Trump Makes His Most Unhinged Claim Yet About Kilmar Abrego Garcia
Donald Trump has a wild new theory about Kilmar Abrego Garcia’s tattoos.

Donald Trump has taken his tirade against immigrants with tattoos to new heights, baselessly claiming that Kilmar Abrego Garcia’s knuckle tattoos clearly associate him with MS-13.
“This is the man, Kilmar Abrego Garcia, that the Courts are trying to save from being deported?” the president wrote on Truth Social Monday night. “He was supposed to be, according to the Judge and the Democrats, a wonderful father from Maryland, but then they noticed he had ‘MS-13’ tattooed onto his knuckles (and lots of really bad stories about his past!).”
The post includes a photo of Trump holding up a photo of a hand, supposedly Abrego Garcia’s, with a marijuana leaf, smiley face, cross, and skull tattooed across the knuckles. On top of each individual tattoo is written M-S-1-3, the president’s way of explaining each tattoo clearly translates to an individual letter or number, which all together spell … MS-13?
“This is the gang that is, perhaps, the worst of them all. What is wrong with our Country?” Trump’s post concluded, leaving out any explanation for how he broke the tattoo code.

Abrego Garcia was unlawfully deported to El Salvador last month due to an admitted “administrative error” by the Trump administration, though officials have since doubled down on unfounded claims that Abrego Garcia is part of MS-13. Now the president is resorting to one of his favorite, but most outrageous, justifications for deporting Latino men without due process: They have tattoos.

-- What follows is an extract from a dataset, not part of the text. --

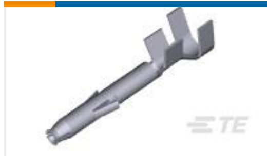
TE 产品编号1-794407-1 MINI UMNL SOK 20-16 AWG AU LF

After he ignored court orders and deported 200 Venezuelan immigrants to a megaprison in El Salvador, Trump cited photos of their tattoos as proof that they were part of Tren de Aragua. One man had a tattoo of a rose and a skull; another had a tattoo of a soccer ball. Even if gang-affiliated tattoos were sufficient evidence to deport someone (they’re not), none of those are associated with Tren de Aragua. In fact, experts on the gang have revealed that Tren de Aragua does not have affiliation tattoos.
“The truth is that a tattoo identifying Tren de Aragua does not exist,” Ronna Rísquez, a Venezuelan journalist who published the definitive book on TdA, told The New Yorker at the start of the month. “Tren de Aragua does not use any tattoos as a form of gang identification; no Venezuelan gang does.”
Last week, the Supreme Court ordered the Trump administration to “facilitate” Abrego Garcia’s return, but all the administration has done is continue to push lies about the 29-year-old’s identity. A growing number of Democrats are traveling to El Salvador to push for his release.
“While Donald Trump continues to defy the Supreme Court, Kilmar Abrego Garcia is being held illegally in El Salvador after being wrongfully deported,” California Representative Robert Garcia said in a statement Monday. “That is why we’re here—to remind the American people that kidnapping immigrants and deporting them without due process is not how we do things in America.”